外から見る限りでは、築10年も経っていない、その辺りでは割と大きな2階建て物件です。 
ただ手入れしている様子はなく、庭は荒れ放題でした。 
インターホンを押すとすぐに家主が現れました。ひと目でお気の毒とわかる感じの猫ババアでした。 
(現在の訪問販売法には明らかに抵触するであろう、正しい自己判断を行うことが難しい方でした>猫ババア) 

玄関を開けた瞬間から既に動物を飼っている家の特有の臭いがしました。 
家の中は雑然としていて、床は足が張り付くほどにベタベタしていました。さらに強烈な臭いのため鼻で呼吸はできず、目が痛いくらいです。 

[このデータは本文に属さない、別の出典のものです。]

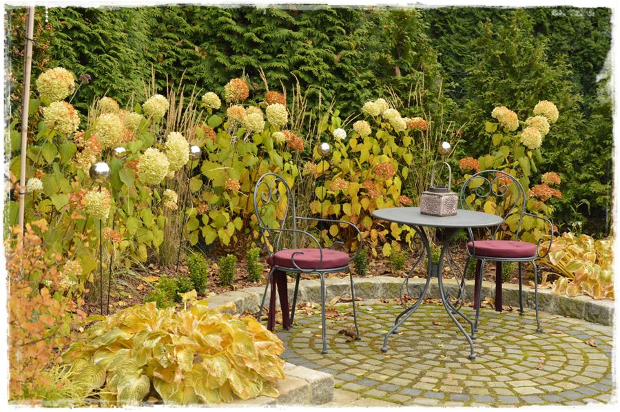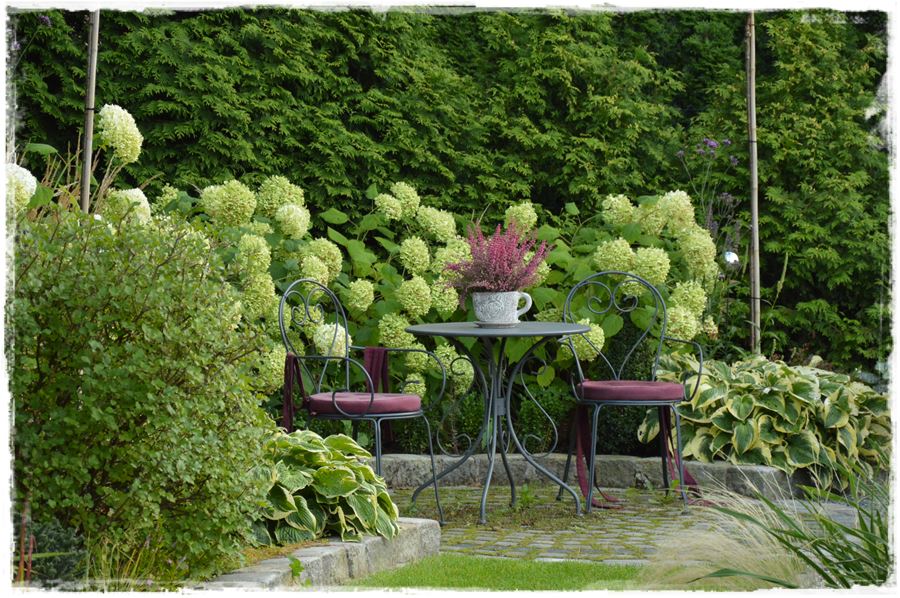 Podsumowując cały temat pt. jak odnowić metalowe meble ogrodowe, mogę powiedzieć, że dzięki tym prostym zabiegom, cały kącik hortensjowy stał się jeszcze bardziej atrakcyjny.
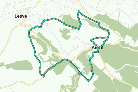 De eerste 3 kilometer gaan over het algemeen omhoog in de richting van Bois-de-Villers. De rondgang slaat linksaf en stijgt richting Lesve. Bij het Château volgt een brede en aangename weg die door de velden naar beneden leidt. Vervolgens komt er een dalend stuk asfaltweg dat u terug naar het dorp Arbre brengt.
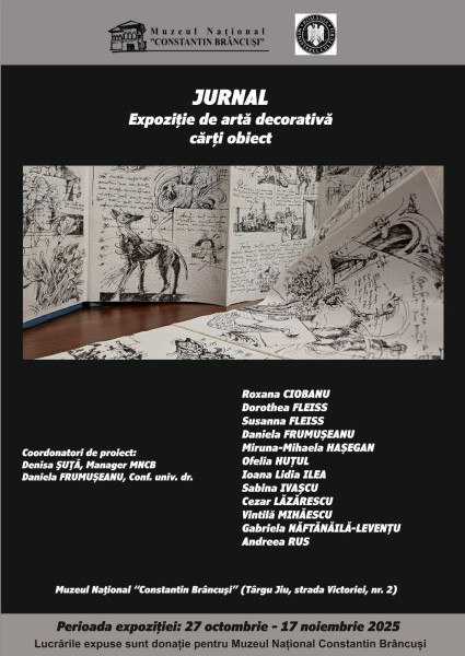 De luni, 27 octombrie, Muzeul Național „Constantin Brâncuși” din Târgu Jiu găzduiește expoziția „Jurnal”, ce prezintă lucrări de artă decorativă sub forma cărților obiect. Aceste piese au devenit recent parte a patrimoniului locației, reunind creațiile mai multor artiști contemporani.
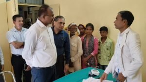 आयोजित आरोग्य मेले का औचक निरीक्षण जिलाधिकारी सन्तोष कुमार शर्मा।
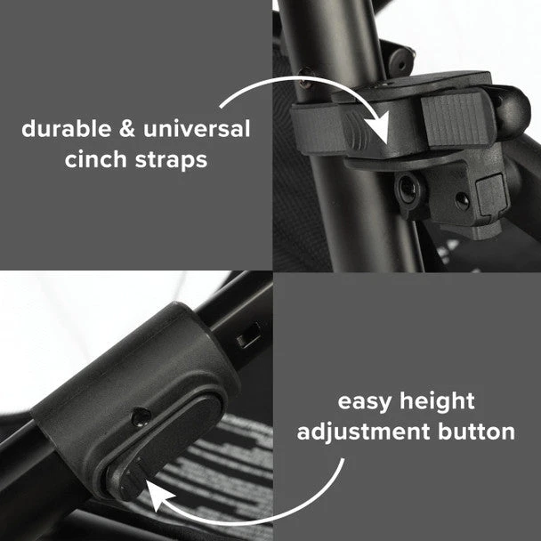 - Customize your ride with extendable arms that adjust in seconds for universal compatibility with your favorite stroller or wagon.
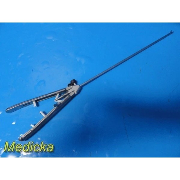 Karl Storz Macro Needle Holder, Model 26173KAF, made in Germany. This 5 mm laparoscopic instrument has a 33 cm working length and is designed for precision suturing with tungsten carbide inserts and single-action straight jaws. Features a disengageable ratchet and axial handle with LUER-lock connector for cleaning.
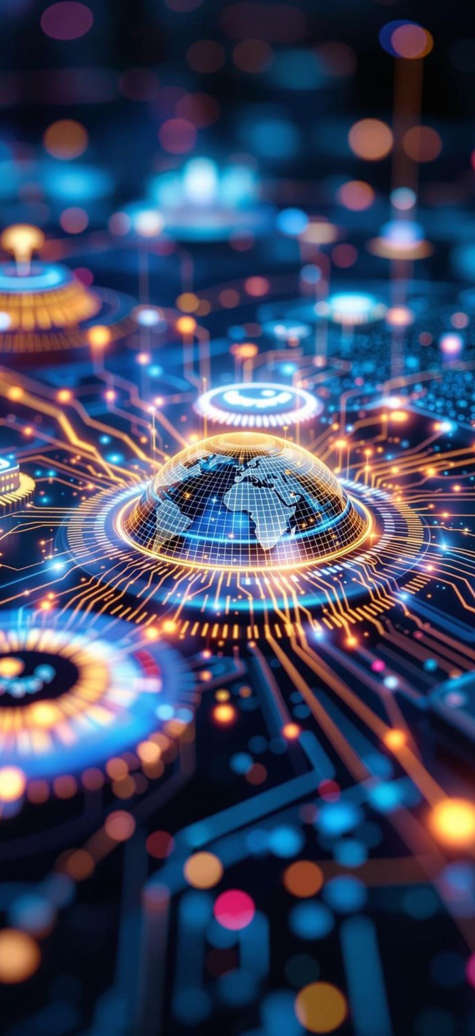 Cyberpunk, mạch điện tử, thành phố tương lai hay ánh sáng neon xanh tím mang lại cảm giác cực kỳ hiện đại. Các hiệu ứng ánh sáng và chi tiết kim loại hiển thị rất rõ, tạo chiều sâu thị giác mạnh. Nếu yêu phong cách futuristic, đây là nhóm hình nền không nên bỏ qua.

部屋のあちらこちらにネコがいます。通された部屋に5-6匹、途中にも2-3匹いたのに加え、 
気配や鳴き声を入れると裕に倍以上はいる感じです。 
猫ババアがお茶を入れてくれましたが、飲む気にはなれませんでした。 

私は長居は無用とさっそく仕事に掛かりました。作業衣に着替え床下に潜ります。 
…ネコは死ぬとき姿を隠すって言いますよね?どこに消えると思います?床下にいました、 
防毒マスクのおかげで臭いこそわかりませんが、たぶん想像を絶する臭いだったはずです。 

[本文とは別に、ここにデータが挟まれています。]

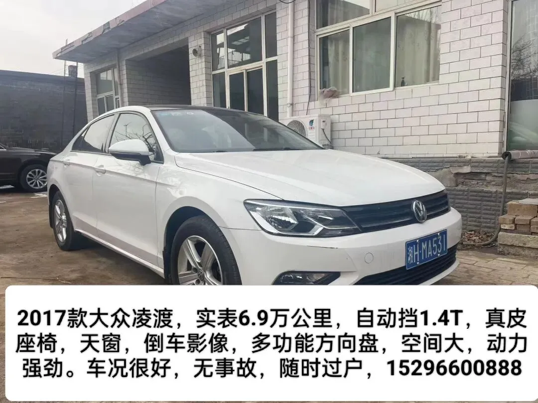 1、2017款大众凌渡(16年12月上牌),实表6.9万公里,自动挡1.4T,真皮座椅,天窗,倒车影像,多功能方向盘,无事故,有补漆(有补漆前照片)车价:3.8万
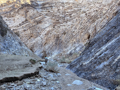 Death Valley is famously hot, dry, and barren, but cold temperatures, flooding, and bushwacking posed challenges during a short visit in January 2023. The park is nothing if not diverse, with elevations ranging from 292 feet below sea level in Badwater Basin to over 11,000’ at the summit of Telescope Peak, so it's not surprising that conditions don't always match the cliches. When I met Larry Scritchfield for a little mid-winter backpacking (and to escape the relentless Wyoming cold), high temperatures averaged around 60 in the basins, way warmer than the surrounding mountains where we hiked, many blanketed with snow.
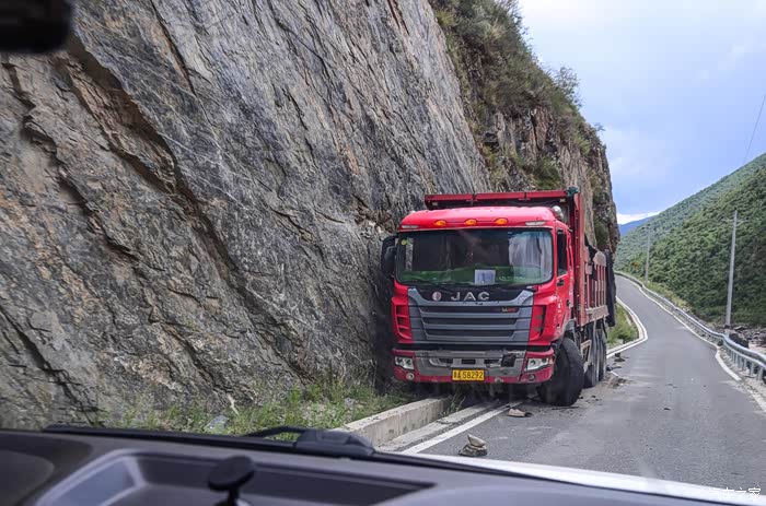 这条路上,滑坡,飞石,泥石流随处可见,暴雨天走在这样的路上,不知是什么心情
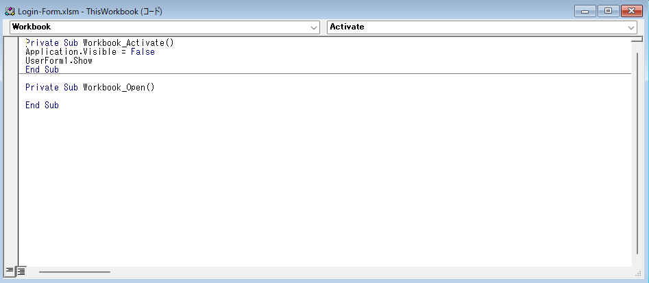 短い2行のみでファイル非表示、ユーザーフォームを表示。
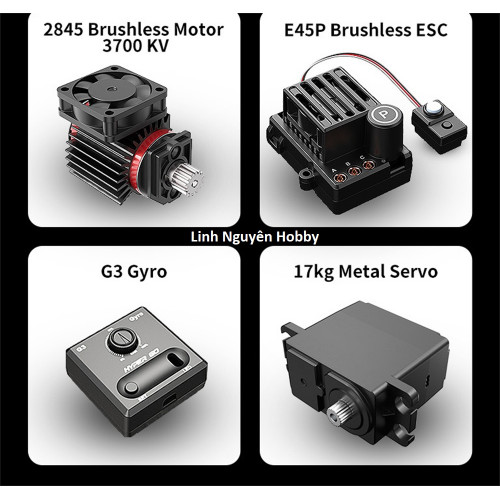 Mô tả: Thông tin cơ bản Mẫu: HYPER GO 304 Tỷ lệ: 1/14 Hệ thống điện ESC: 45A (Hỗ trợ pin 2-3S) Động cơ: Không chổi than 2845 3700KV với quạt tản nhiệt nhôm Servo: Servo kỹ thuật số 17g 2.1KG Bộ điều khiển từ xa Tần số: 2.4 GHZ Pin: 2 pin AA (không bao gồm) Pin: 7.4V 2000mAh 15C 2S Li-ion đầu cắm T Khác Thời gian sạc: 4 giờ Thời gian sử dụng: ≥13 phút Điều khiển Khoảng cách: 120m Chức năng: tiến, lùi, trái, phải Kích thước Kích thước: 320*153*115mm Chiều dài cơ sở: 192mm Chiều rộng bánh xe: 125mm Đường kính lốp: 58mm Kích thước đóng gói: 35*20.3*16.6cm Bộ sản phẩm bao gồm: 1x xe điều khiển từ xa 1x pin 1x bộ điều khiển từ xa 1x sách hướng dẫn sử dụng 1x cáp sạc USB 1x cờ lê lục giác 1x tua vít 4x lốp TPR 4x lốp trơn
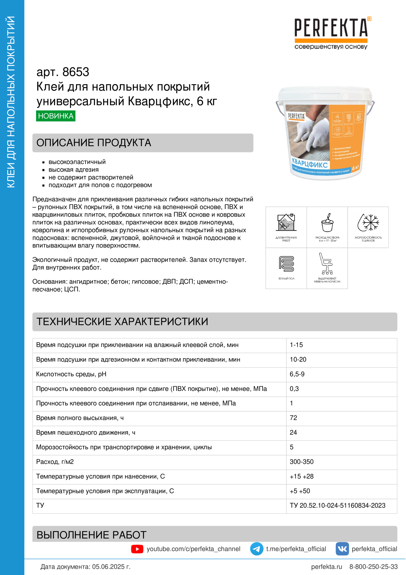 Предназначен для приклеивания различных гибких напольных покрытий – рулонных ПВХ покрытий, в том числе на вспененной основе, ПВХ и кварцвиниловых плиток, пробковых плиток на ПВХ основе и ковровых плиток на различных основах, практически всех видов линолеума, ковролина и иглопробивных рулонных напольных покрытий на разных подосновах: вспененной, джутовой, войлочной и тканой подоснове к впитывающим влагу поверхностям.
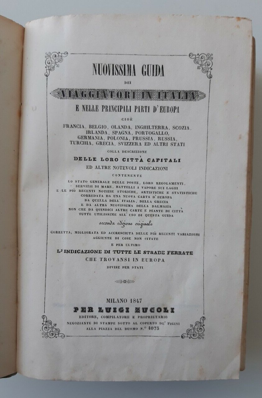 NUOVISSIMA GUIDA DEI VIAGGIATORI IN ITALIA DI LUIGI ZUCOLI 1847
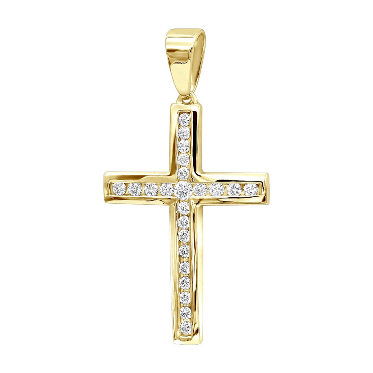 This Round Diamond cross necklace features 1.36 carats of round diamonds (23 diamonds). This diamond cross necklace is available in Platinum, 18k or 14k yellow, rose, white gold, various sizes, and can be customized with any color and quality diamonds. Please note: it will take us 3-5 business days to make this pendant for you so please plan accordingly. Please contact us at 212-398-3123 if your size or desired option is not listed. You also can personalize this piece or check we’ve already made and create your own design.
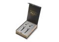 Lakované tělo z broušené nerezové oceli a vrchní část z broušené nerezové oceli. V kombinaci s doplňky z nerezové oceli pokovenými chromem, s leštěnou úpravou.Kuličková tužka (kuličkové pero, propiska):stiskací mechanismusmodrá nebo černá náplň pro kuličkové tužky - dle skladové dostupnostiMechanická tužka (mikrotužka):stiskací mechanismutuha HB o síle 0,5 mmVyrobeno ve Francii. Dodáváno v elegantním dárkovém balení.

だってそこには、ミイラ化・白骨化したものから、まだ新しい死骸・腐り掛けのものまで、確認できるものだけでも14匹のネコ達がいたのですから… 
私はすぐにでも逃げ出したい気持ちでしたが、床下の状況を猫ババアに説明し 
「このままでは不衛生だから、もう一度しっかり消毒をした方がよい」旨を伝えました。 

すると意外にも猫ババアは「ネコ達が可哀相、すぐに消毒してあげて」と再契約の運びになったのです。 
そこで受注のため会社に連絡すると「死骸の始末はお前がしてこい、でないと工事は請けられない」と言われました。 
私が床下のネコの数を正確に数えることができたのは、一匹ずつ死骸を集めて回ったからです。 
以上、茨城県H市の「ネコ屋敷」でした。